Data section →
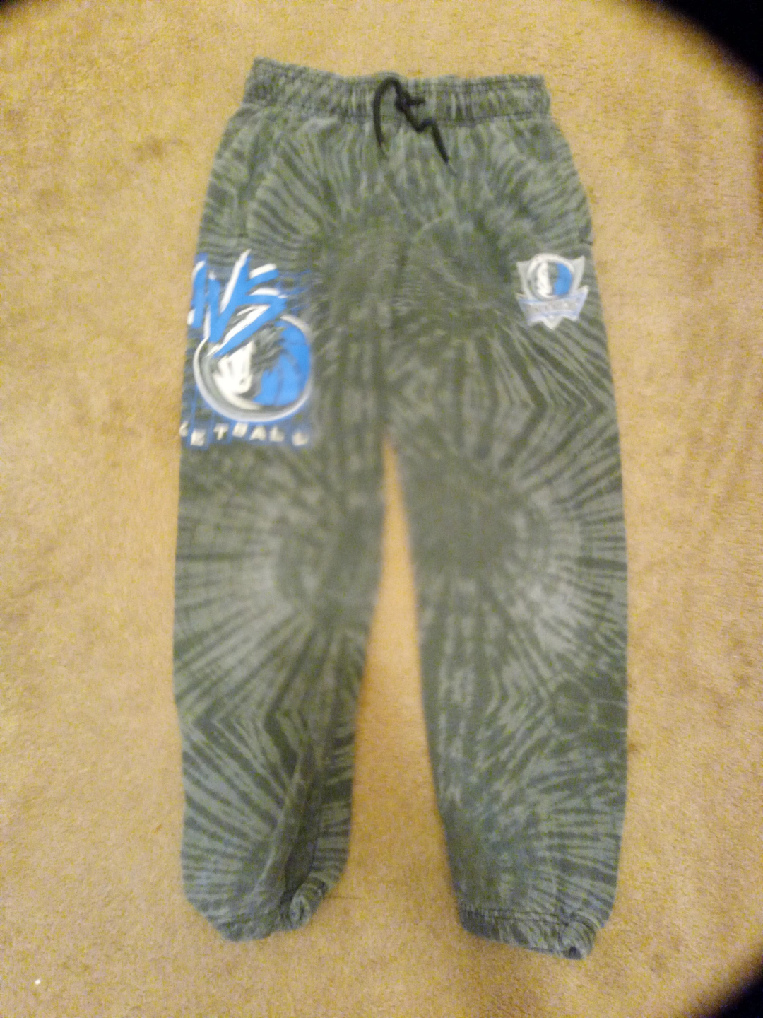 Youth size large Dallas Mavericks sweatpants. Tie-dye pattern. Drawstring waistband. Made in China.
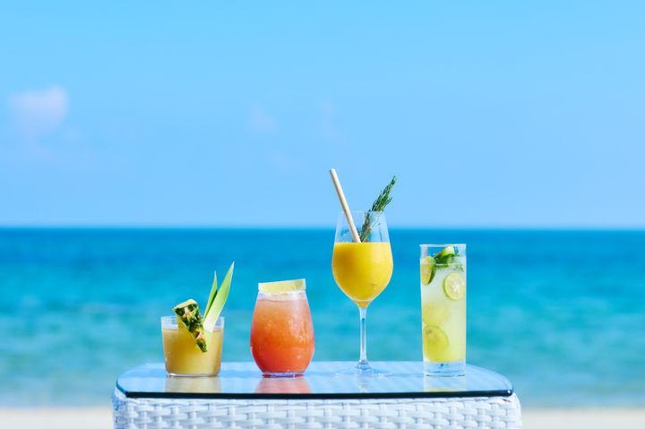 サウナ体験の最後は、旬の南国フルーツを生かしたサウナドリンクを味わえます。春はパイナップル、夏はマンゴー、秋はグァバ、冬はシークヮーサーと、季節の味わいをたっぷり詰め込んだノンアルコールカクテルで、失われたミネラルをさわやかに補給することができます。見た目も鮮やかで、海辺に映えるドリンクで“ととのい”が完了!
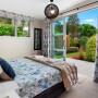 The double bedroom has more extensive views of the stunning gardens, accentuated by the interior walls in Resene Tapa and ceiling in Resene Alabaster. A challenge Lyn faced was keeping the décor relevant over a long renovation period of several years. She said Resene paint provided a timeless look that was constantly on trend.
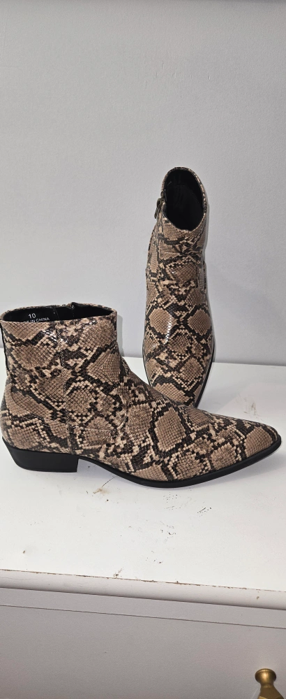Selling a pair of snakeskin print ankle boots in a women's size 10. They're in great condition and ready for a new home! Perfect for adding a bit of edge to your outfit

Work request →
Repeat the full listing above exactly, with no pictures in the copy.

Response for this exercise →
 Youth size large Dallas Mavericks sweatpants. Tie-dye pattern. Drawstring waistband. Made in China.
 サウナ体験の最後は、旬の南国フルーツを生かしたサウナドリンクを味わえます。春はパイナップル、夏はマンゴー、秋はグァバ、冬はシークヮーサーと、季節の味わいをたっぷり詰め込んだノンアルコールカクテルで、失われたミネラルをさわやかに補給することができます。見た目も鮮やかで、海辺に映えるドリンクで“ととのい”が完了!
 The double bedroom has more extensive views of the stunning gardens, accentuated by the interior walls in Resene Tapa and ceiling in Resene Alabaster. A challenge Lyn faced was keeping the décor relevant over a long renovation period of several years. She said Resene paint provided a timeless look that was constantly on trend.
Selling a pair of snakeskin print ankle boots in a women's size 10. They're in great condition and ready for a new home! Perfect for adding a bit of edge to your outfit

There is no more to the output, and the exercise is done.